2 1/2 c Diced red potatoes
With skin on; cut in about
; 1/2-inch dice
1 tb Salt
1 tb Finely minced parsley
1 tb Very finely minced yellow onion
1 tb Very finely minced garlic; mashed to a paste
2 tb Extra virgin olive oil
Freshly ground black pepper salt to taste

INSTRUCTIONS

Place the potatoes, the tablespoon of salt and enough water to cover the
potatoes together in a heavy bottomed saucepan over medium heat. Bring them
to a boil and let them simmer for 8 to 10 minutes. The potatoes should be
just fork tender, and not falling apart.
Put ice cubes in a bowl of cold water and set aside. Drain the potatoes.
Rinse with cold water and immerse the potatoes in ice water to stop the
cooking. When the potatoes are cold, drain them, and place them on paper
towels to absorb the excess water.
Combine the parsley, onion, garlic, olive oil and pepper in a medium bowl.
Add the potatoes and toss. Add freshly ground black pepper and salt to
taste. Serve immediately or refrigerate and serve chilled. Serves 4.
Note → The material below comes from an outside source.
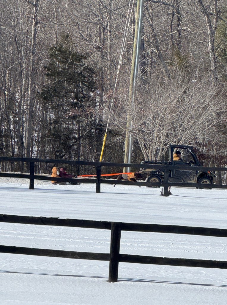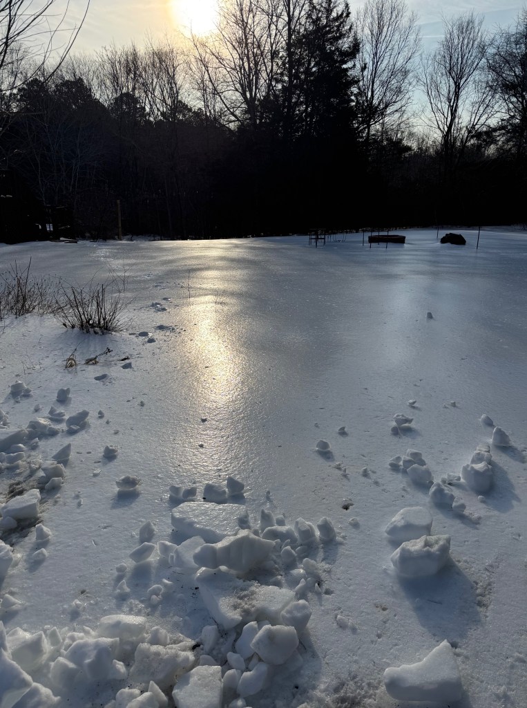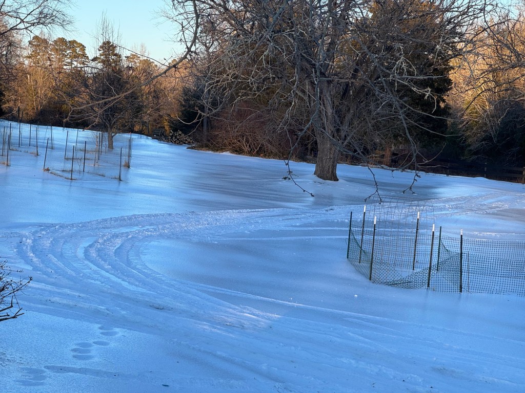 Weatherman had been hyping up a recent storm as a possible ice storm, so we took them seriously….we still have memories of a week without power in the Midwest after an nasty ice storm 20+ years ago. We did lots of prep so that animals would have what they need and we would too. The freezing rain missed us (hurray!) but we ended up with 5 inches of snow covered in several inches of sleet. This quickly turned our snow into a five inch block of ice or “snowcrete” as everyone began to call it. It was no joke. Plowing and shoveling it was almost impossible. We had a week of no school and staying at home. Walking out to feed the animals was taking your life in your hands and we dubbed the farm the Grawly Bear Ice Rink. We did find the ice rinks made for really good, fast sledding! With lots of chilly temps, the icy stuff has stuck around for 2 1/2 weeks. Even Farm Girl is ready for some patches of grass!

For a milder flavor (if you're not into the taste of raw onion); you could
saute the onions, garlic and parsley in the olive oil, cool and add as
directed.
Source: Magnolias Southern Cuisine, by Donald Barickman,1995; ISBN:
0-941711-31-5. Chef Barickman owns both Magnolias Restaurant and the
Blossom Cafe in Charleston, South Carolina. In this cookbook, he tried to
include the patrons most favorite dishes.
Recipe by: Magnolias, Charleston, South Carolina
Converted by MM_Buster v2.0l.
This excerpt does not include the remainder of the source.